Maybe to create, but we’d be doing them a disservice in the long run. What if they didn’t understand what information was needed to write an effective contract? You’ve seen the number of people who ask for help or suggestions when answering the usual 31 questions. If there ever was a dispute, they could end up spending more money on legal fees fixing a problem that we could have helped the avoid if we’d written them an effective operating agreement in the first place.
What’s the minimum that an operating agreement needs to cover?
Who are the owners of the LLC, the purpose of the business, each owner’s responsibilities, what decisions requires a unanimous vs majority vote, how deadlocked votes will be resolved, what happens if someone wants to leave the company or dies, what happens if the other owner(s) want to kick someone out of the company, how contract disputes will be resolved, plus the standard boilerplate terms that go into every contract.
We can’t fit all that on one page.
No, we can’t.
If we can’t create a one-page operating agreement, what’s the most cost-effective way to write an operating agreement?
Hmm…it might be to have them tell us everything they’ve already agreed on about how they want to run their business, and then draft the operating agreement, addressing the issues they haven’t mentioned based on what we think is in the company’s best interests, and let them suggest edits from there.

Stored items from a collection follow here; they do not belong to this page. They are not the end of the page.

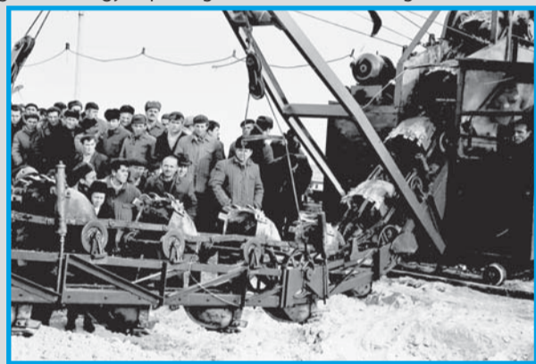
► Откриването на новата фабрика в Каолиново

подминават и комбинат „Димитър Благоев“. Построени са повечето административни и производствени сгради в Сеново и Ветово и нова фабрика в Каолиново. Първите инсталации при Сеново и Ветово стават големи обогатителни фабрики. МОК „Димитър Благоев“ достига рекордно производство в края на 80-те години.
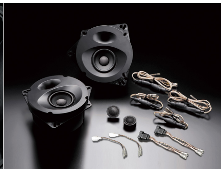
SP-R501E【ディスプレイオーディオ専用】
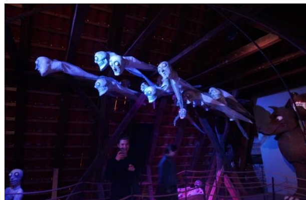
Český Krumlov – „danse macabre” a ferences kolostor tetőterében
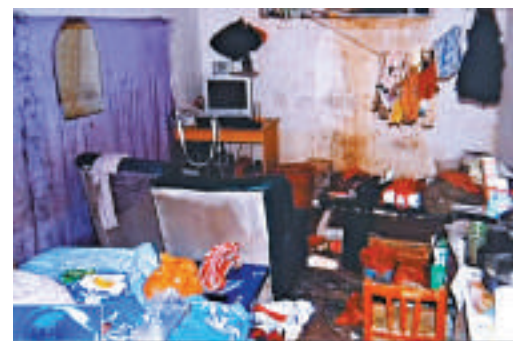
◀圖為央視播出的囚禁性奴地窖畫面截圖

2011年9月，河南洛陽警方偵破了一件離奇大案，案犯李浩在地下室挖地窖，先後囚禁6名女子當性奴，期間兩名女子被殺害。根據洛陽市中級人民法院作出的一審宣判，被告人李浩被判處死刑。宣判後，李浩提出上訴。河南省高級人民法院經依法開庭審理，於2013年8月5日作出裁定，駁回上訴，維持原判，並依法報請最高法院核准。最高法院依法組成合議庭，核准了李浩死刑。
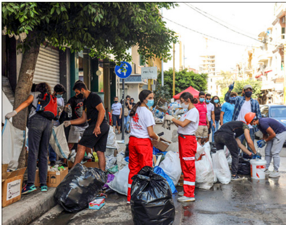
Ungdommer rydder gater i Beirut.

– Jeg hadde aldri sett noe lignende før. Etter at vi var ferdige med å filme rundt havnen, gikk vi til Gemmayzeh, hvor mine foreldres butikk ligger. Vi ville se hva som skjedde
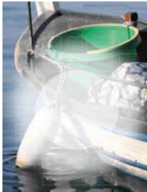
Messbereich bei der mittenbetonten (Integral-)Messmethode.
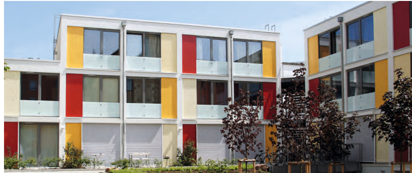
Stylisch und komfortabel: Die Apartments in der Wohnanlage B 7.
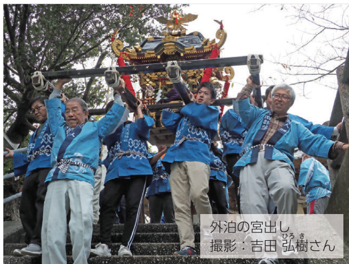
外泊の宮出し
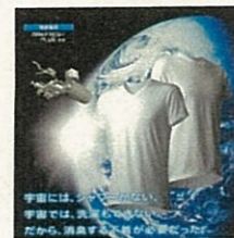
汗・加齢臭 消臭下着 MXP (株式会社ゴールドウィン)
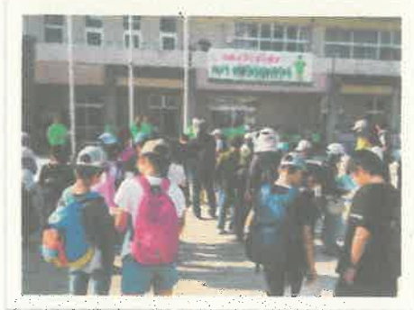
地域を巡るウォークラリー大会
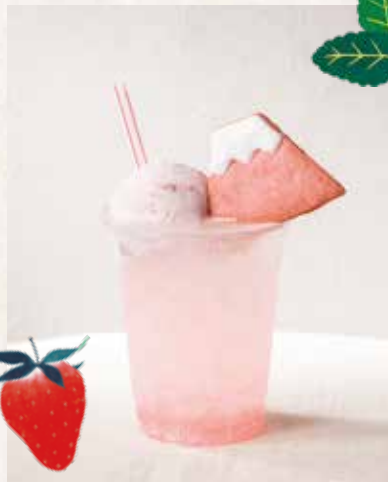
サクラストロベリーソーダ ¥950
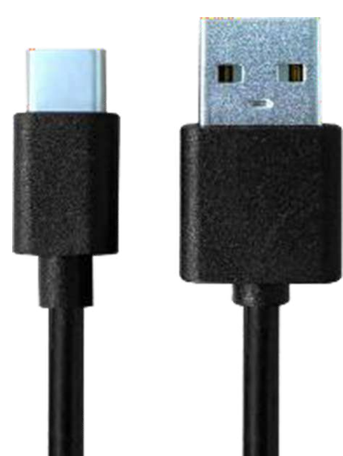
Кабель USB-A - USB Type-C P/N: CHA-USBC-GNR Длина 1 м, для зарядки АКБ и передачи данных
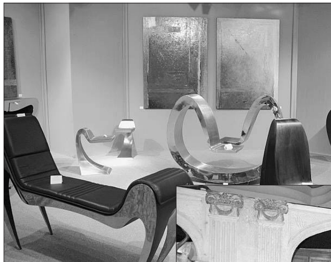
La pureté des oeuvres de Piechaud pour « La Dune »

« Stands » le mot est lâché... bien évidemment il est nécessaire de cloisonner les galeries ou les profession-
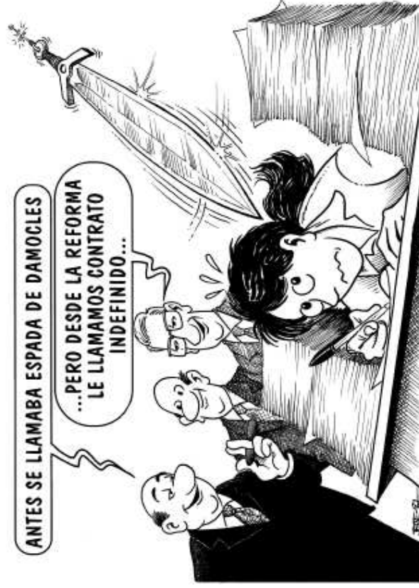
Landeia, 1997-06 Badakigu zein egoeratan geratzen den langilea kaleratzea errazten denean

Es la situación a que reduce al trabajador o trabajadora un régimen de despido libre con baja indemnización.
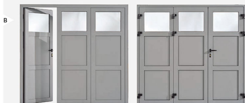
Modèle présenté : 3 vantaux à rupture de pont thermique, remplissage panneau lisse, avec partie haute vitrée en option, coloris RAL 7042
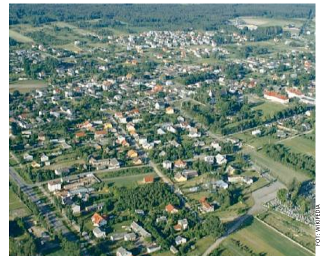
Prawa miejskie zostały Stanisławowowi odebrane w 1870 roku.
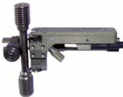
Рис. 1. Внешний вид датчиков перемещений (деформаций) Mini MFA 2.

Внешний вид датчиков перемещений (деформаций) Mini MFA 2, 3542, 3548 приведен на рисунках 1-3.
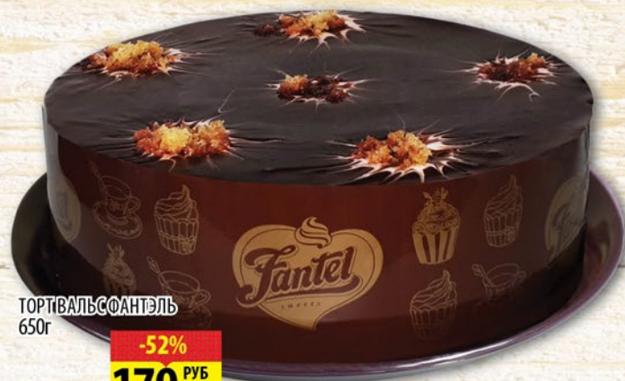
ТОРТ ВАЛЬСАНТЭЛЬ 650г
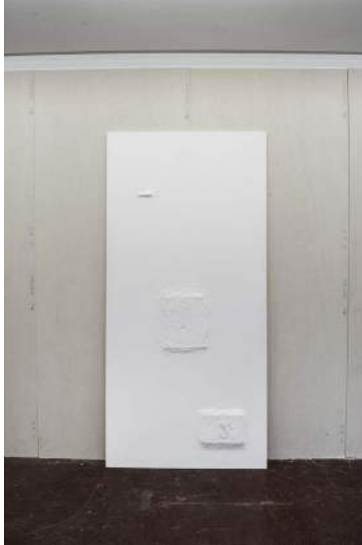
NF/ Clara Sánchez Sala Templo-Pladur I 2021 Escayola 250 x 120 cm
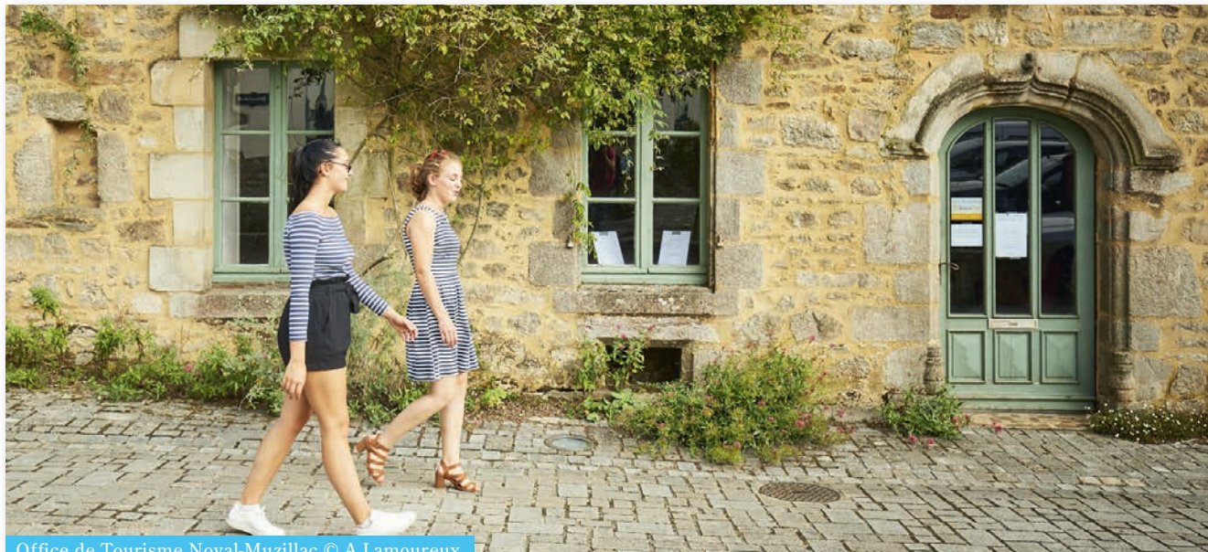
Office de Tourisme Noyal-Muzillac
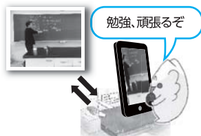
【生物】の授業の様子

教職員については、新型コロナウイルス感染症の感染拡大防止の観点から、出勤者数が5割程度となるよう在宅勤務を行いました。
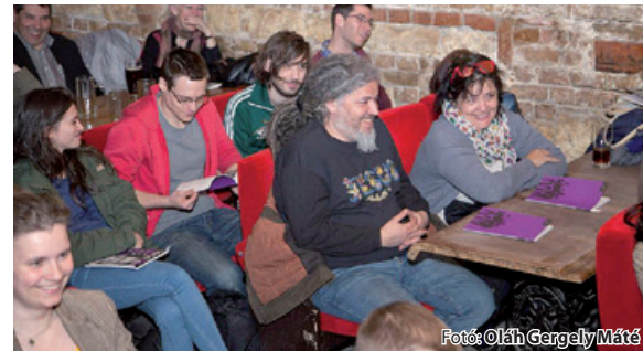
Ismét sokan voltak a fővárosi bemutatón

A húsvét utáni első napon tartották a Hévíz folyóirat új számának budapesti bemutatóját. A ferencvárosi Élesztő színpadán, mintegy hetven-nyolcvan érdeklődő előtt, az aktuális szám szerzői, interjúalanyai váltották egymást.
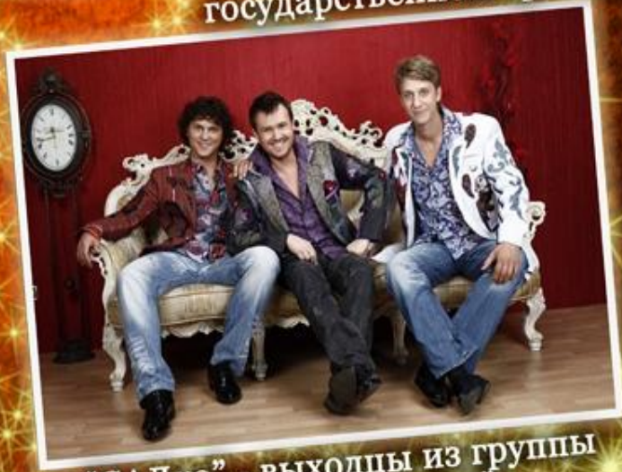
"САДКО" - выходцы из группы "Золотое кольцо"

Концерт будет проводиться 26 октября 2011 года в одном из лучших залов города Москвы
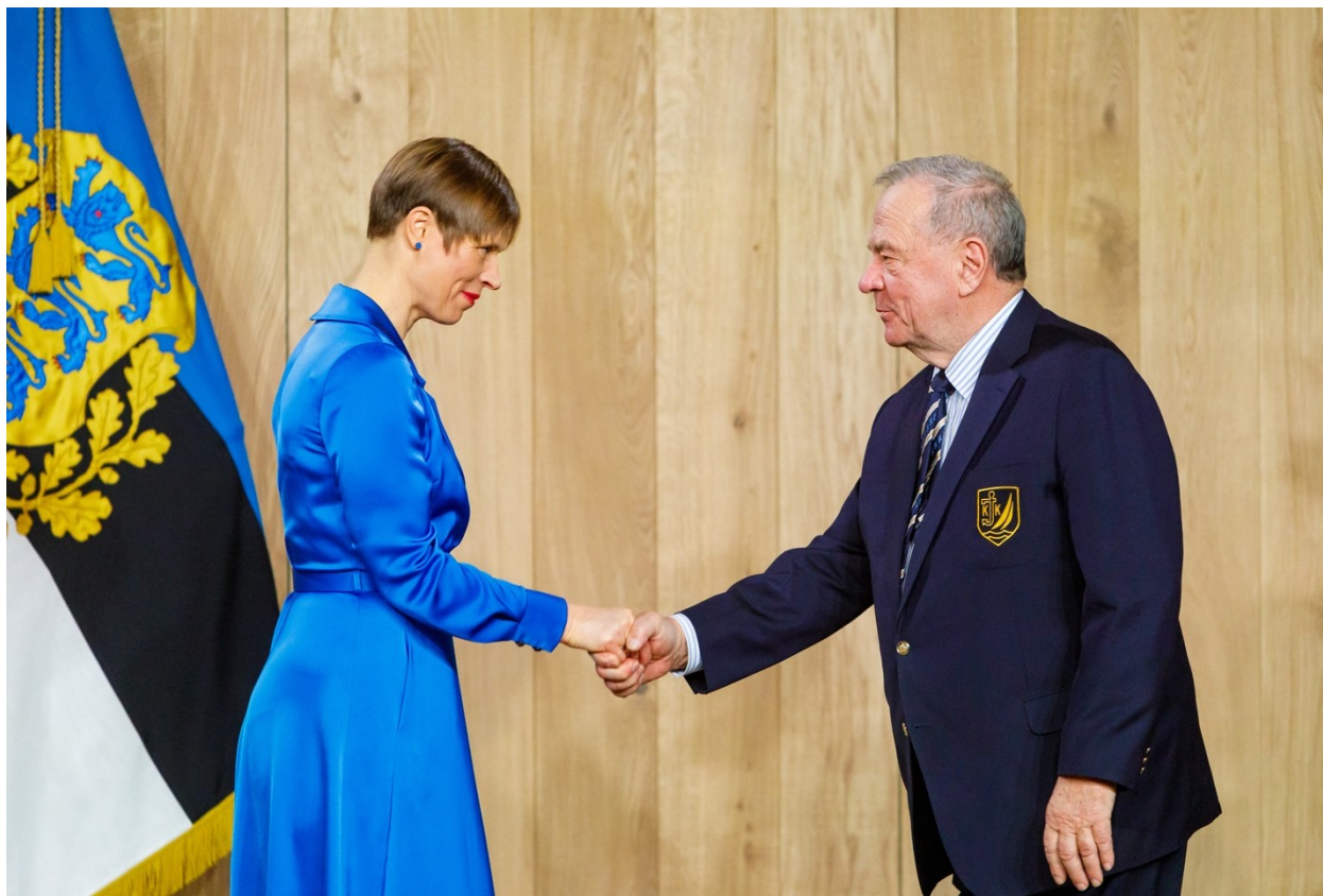
ЮРИЙ ПОЛУЧАЕТ ОРДЕН БЕЛОЙ ЗВЕЗДЫ 5-Й СТЕПЕНИ ИЗ РУК ПРЕЗИДЕНТА ЭСТОНИИ.

прицепе. Фелип вышел из автобуса и подошел ко мне поговорить. И он, и его охранник помнили мое имя и откуда я родом. Мы поболтали несколько минут. И я поболтал с Константином II из Греции в очереди в столовую. Он выиграл олимпийское золото на драконе в 1960 году в Риме.”
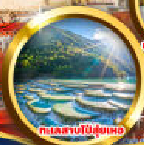
ทะเลสาบป๋าย่ฝูเหมอ
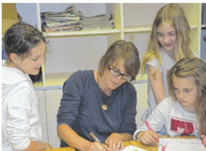
Gemeinsam mit den Kindern gestaltet sie ein interessantes Nachmittagsprogramm in der Volksschule Feldkirchen.

Tips: Was ist das besondere am Angebot des ISK?
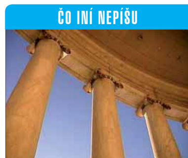
ČO INÍ NEPÍŠU

sume ako životné minimum – dostane na „odchodnú“ do dôchodku okolo 223 eur. A to ešte veľmi pravdepodobne okrem odvodov platil občas aj dane – ak sa mu darilo „kapitalisticky“ neprimerane prekročiť povolený
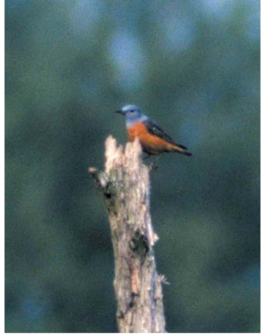
157 Roodsterblauwborst / Red-spotted Bluethroat Luscinia svecica svecica , mannetje, Vlieland, Friesland, 5 mei 2000 158 Rode Rotslijster / Rufous-tailed Rock Thrush Monticola saxatilis , mannetje, Blaricum, Noord-Holland, 4 mei 2000 159 Bijeneters / European Bee-eaters Merops apiaster , Oudeschip, Groningen, 2 juni 2000 160 Zwartkoppors / Black-headed Bunting Emberiza melanocephala , mannetje, Midsland, Terschelling, Friesland, 30 juni 2000
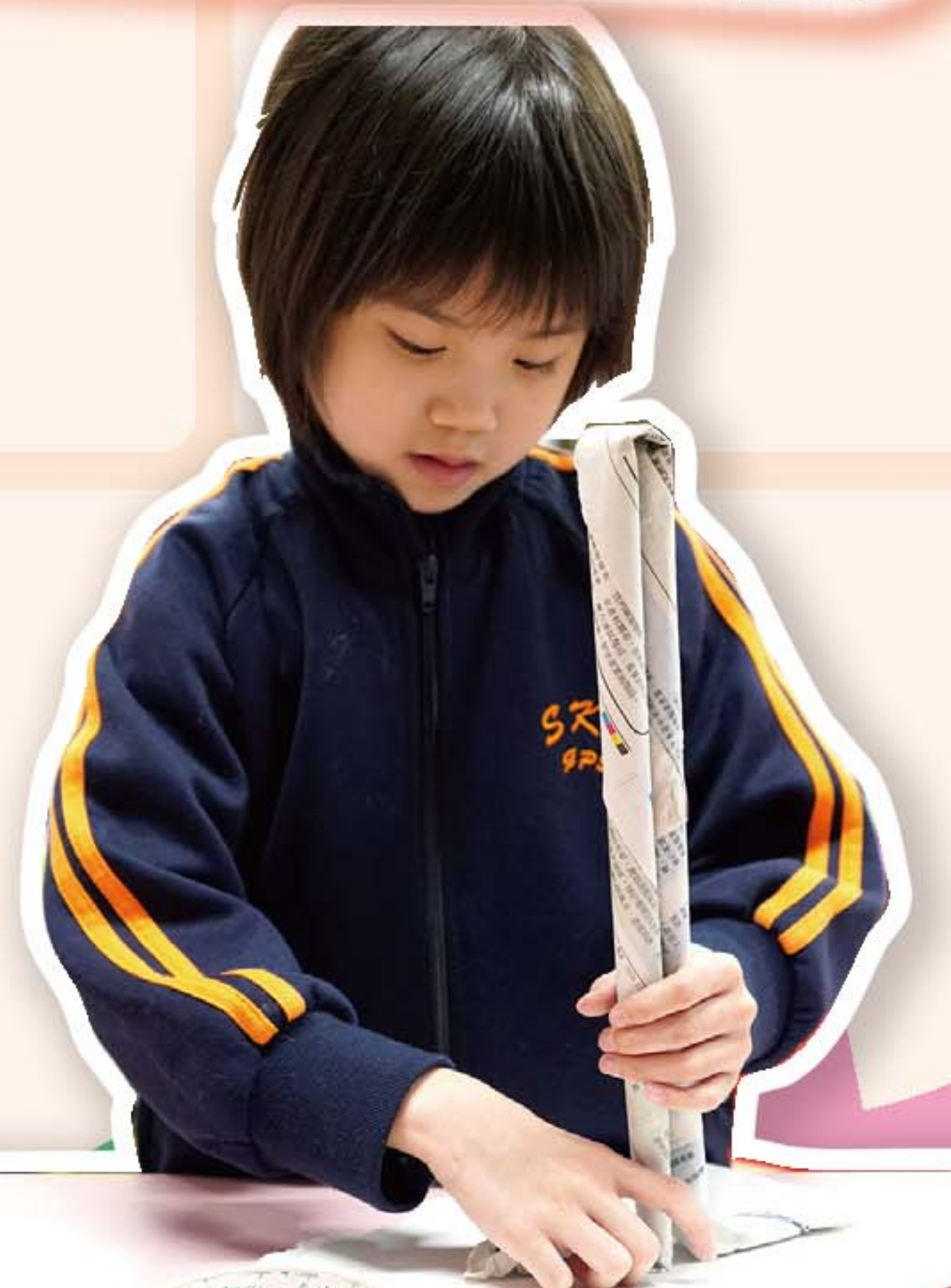
同學聚精會神地製作屬於自己的拖把。
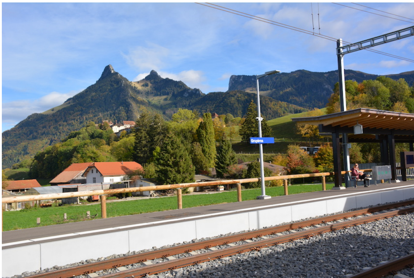
LA GRUYÈRE dans son pays.
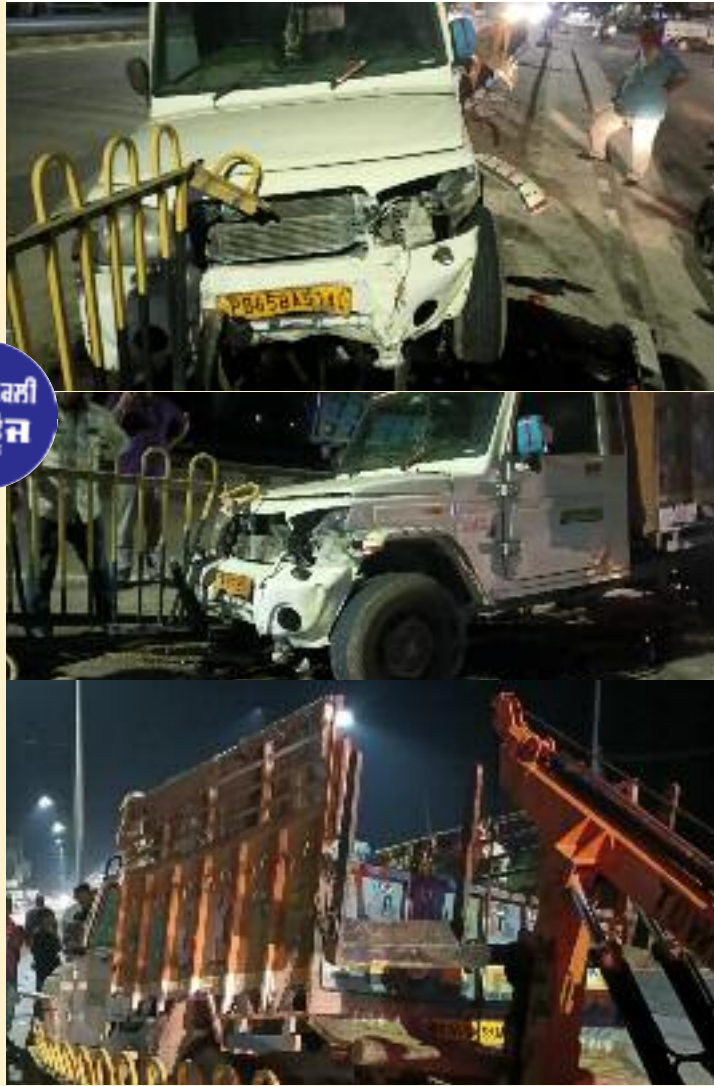
ਗਈ ਅਤੇ ਜਾਨੀ ਨੁਕਸਾਨ ਦਾ ਬਚਾਅ ਹੋ ਗਿਆ।

ਨਵਾਂਸ਼ਹਿਰ /ਕਾਠਗੜ੍ਹ 22 ਮਾਰਚ (ਜਤਿੰਦਰ ਪਾਲ ਸਿੰਘ ਕਲੇਰ ) ਰੋਪੜੂ ਬਲਾਚੌਰ ਨੈਸ਼ਨਲ ਹਾਈਵੇ ਤੇ ਨੇੜੇ ਪਿੰਡ ਰੈਲਮਾਜਰਾ ਦੇ ਅੱਡੇ ਬਲੈਰੋ ਪਿੱਕਅਪ ਜੀਪ ਦਾ ਐਕਸੀਡੈਂਟ ਹੋਣ ਦਾ ਸਮਾਚਾਰ ਪ੍ਰਾਪਤ ਹੋਇਆ ਹੈ। ਇਸ ਸਬੰਧੀ ਜਾਣਕਾਰੀ ਦਿੰਦੇ ਹੋਏ ਸੁਰਿੰਦਰ ਸ਼ਿੰਦਾ ਪ੍ਰਧਾਨ ਰੈਲਮਾਜਰਾ ਨੇ ਦੱਸਿਆ ਕਿ ਬਲੈਰੋ ਪਿੱਕਅਪ ਜੀਪ ਜਿਸ ਦਾ ਨੰਬਰ ਪੀ ਬੀ 65 ਬੀ ਏ 5140 ਜੋ ਬਲਾਚੌਰ ਸਾਇਡ ਤੋਂ ਰੋਪੜੂ ਸਾਇਡ ਜਾ ਰਹੀ ਜਦੋਂ ਇਹ ਜੀਪ ਰੈਲਮਾਜਰਾ ਦੇ ਅੱਡੇ ਦੇ ਕੋਲ ਪਹੁੰਚੀ ਤਾਂ ਅਚਾਨਕ ਇਸ ਜੀਪ ਅੱਗੇ ਬੇਸਹਾਰਾ ਪਸ਼ੂ ਆ ਗਿਆ ਜਿਸ ਨੂੰ ਬਚਾਉਣ ਲਈ ਡਰਾਈਵਰ ਨੇ ਬ੍ਰੇਕ ਮਾਰੀ ਤਾਂ ਜੀਪ ਦਾ ਸਤੰਨਲ ਵਿਗੜ ਗਿਆ ਜਿਸ ਜੀਪ ਬੈਕਾਬੂ ਹੋ ਕਿ ਡਿਵਾਈਡਰ ਤੇ ਜਾ ਚੜ੍ਹੀ ਅਤੇ ਰੇਲਿੰਗ ਨਾਲ ਜਾ ਟਕਰਾਈ ਜਿਸ ਨਾਲ ਕਾਫੀ ਦੂਰ ਤੱਕ ਰੇਲਿੰਗ ਟੁੱਟ ਗਈ ਅਤੇ ਜੀਪ ਦੇ ਡਰਾਈਵਰ ਦੇ ਮਾਮੂਲੀ ਸੱਟਾਂ ਵੱਜੀਆਂ ਅਤੇ ਗੱਡੀ ਬੁਰੀ ਤਰ੍ਹਾਂ ਨਾਲ ਨੁਕਸਾਨੀ
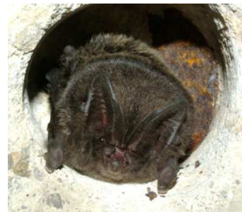
Listnaté lesy v PR Divoká Šárka využívá jako lovecké stanoviště i kriticky ohrožený netopýr černý.

Your Operating Agreement is an Investment
Your operating agreement is the master document for how you and your co-owner(s) are going to run your business. Too many people are so excited to start the business that they jump into running the business before they have their foundational pieces in place, and it bites them in the butt when things go sideways.
Taking the time to create an effective operating agreement can be a litmus test to see how you are your co-owners handle difficult conversations. If you can’t come to a consensus on how to run your business, you shouldn’t be in business together.
The best time to create your operating agreement is at the beginning of the business relationship, when everyone is optimistic and thinking about what’s best for the business. If you wait until there’s a problem to draft this, you and your co-owner(s) may be more interested in protecting your selfish interests or let your anger influence the agreement’s terms.
Even though I make more money fixing problems, I prefer to help my clients prevent problems, or at least make them easier to navigate. A business divorce can be as stressful and expensive as a romantic divorce.